Exercise => Your task is to copy the lines from the line containing "入学式など特別な日にも心地よ" through the end of the listing below, both included, without any pictures.
Segment Start: Data excerpt
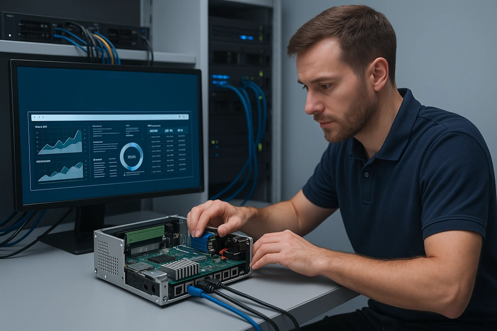 Chaque machine est testée pour garantir la compatibilité du DHCP, des interfaces LAN et des fonctions de supervision avant la mise en service.
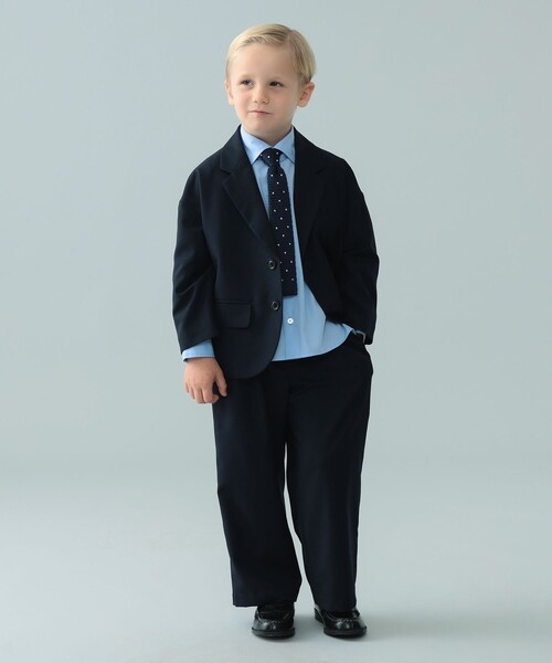 入学式など特別な日にも心地よくゆったりとしたシルエットが魅力のセットアップスーツ。とろみのある上質な生地で、全体的にリラックスしつつもスマートに着こなせるデザインです。シャツはインでもアウトでもおしゃれに着こなせ、シーンに合わせたスタイルが楽しめます。ニット素材のネクタイはドット刺繍が施されており、さりげないアクセントに。
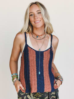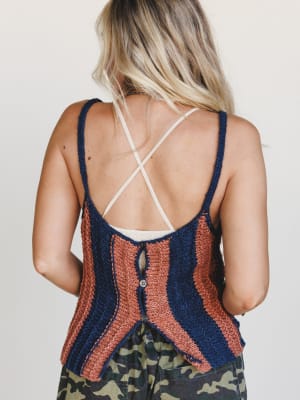 - Striped knit cami with a casual fit and subtle back button detail
Segment End: Data excerpt
Answer box =>
 入学式など特別な日にも心地よくゆったりとしたシルエットが魅力のセットアップスーツ。とろみのある上質な生地で、全体的にリラックスしつつもスマートに着こなせるデザインです。シャツはインでもアウトでもおしゃれに着こなせ、シーンに合わせたスタイルが楽しめます。ニット素材のネクタイはドット刺繍が施されており、さりげないアクセントに。
 - Striped knit cami with a casual fit and subtle back button detail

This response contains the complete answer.